While climbing up, Paresh and Goutam became sick near Camp IV and could neither ascend nor descend from the higher camps near 8,000 metres. Lakpa Sherpa and Subhash Pal, the Indian mountaineer, from Bankura, West Bengal continued climbing and reached the summit of Mount Everest on Saturday, 21 May 2016. On 22 May 2016, Pal collapsed while descending the Hillary Step ice wall. He died in the region between Camp IV and Camp III, due to frostbite which later led to hypothermia. While descending from the summit, Sherpa found both Paresh and Goutam dead near Camp IV. After reaching near Camp III, Subhash was unable to speak or move due to altitude sickness.

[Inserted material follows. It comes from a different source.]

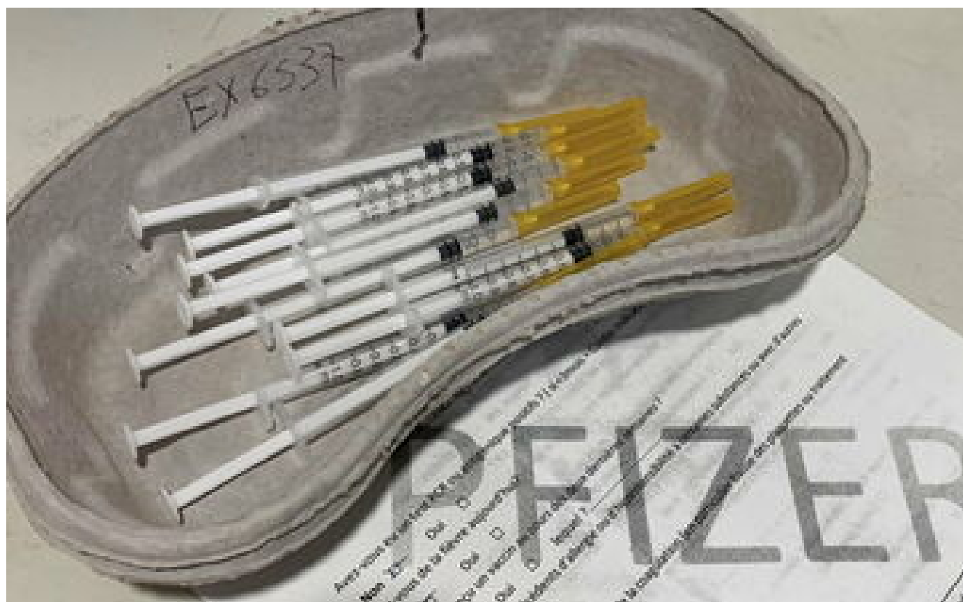
Covid-19 : la troisième dose du vaccin Pfizer efficace à 95,6%, annonce le laboratoire

The team tried to save him but could not.

A British climber Leslie Binns gave up his summit bid to help and rescue Sunita who had fallen and was ailing on her descent. The climber successfully rescued her and tried to save another from her expedition team. With the help of four climbers, Sunita was rescued. Their stock of bottled oxygen was running out, so they quickly descended to Camp II, saving Sunita's life. She was airlifted from Camp II the next day by the Himalayan Rescue Association to Kathmandu with severe frostbite injuries. Sunita was treated at Norvic International Hospital. She lost two fingers due to frostbite.

Six Sherpas stayed in the region for five days to search for and rescue the missing climbers. They retrieved Subhash's body and returned. Paresh's and Goutam's bodies remained on the mountain and could not be retrieved until the following climbing season, in late May 2017, due to bad weather.

They were part of a larger eleven-member expedition from India. Eight had reached the summit, including the injured woman, Hazra. However, according to a detailed report on the Indian expedition in the New York Times, the Nepalese government is not counting Hazra's climb as a successful summit due to a credible lack of evidence.

===Death toll ===
The death toll for Everest climbers rose to five in most reports by late May 2016, and with a death of a high-altitude worker on Lhotse face during the season (Everest summiters sometimes need to climb Lhotse face depending on the route), gave a total of six known deaths from the Everest massif by the time the season drew to a close. Although not widely reported during May, a climber in Tibet had died on 11 May 2016 which makes it possibly six for Mount Everest and seven for the Everest Massif. The Nepal ministry of tourism said five people died (on the Nepali side).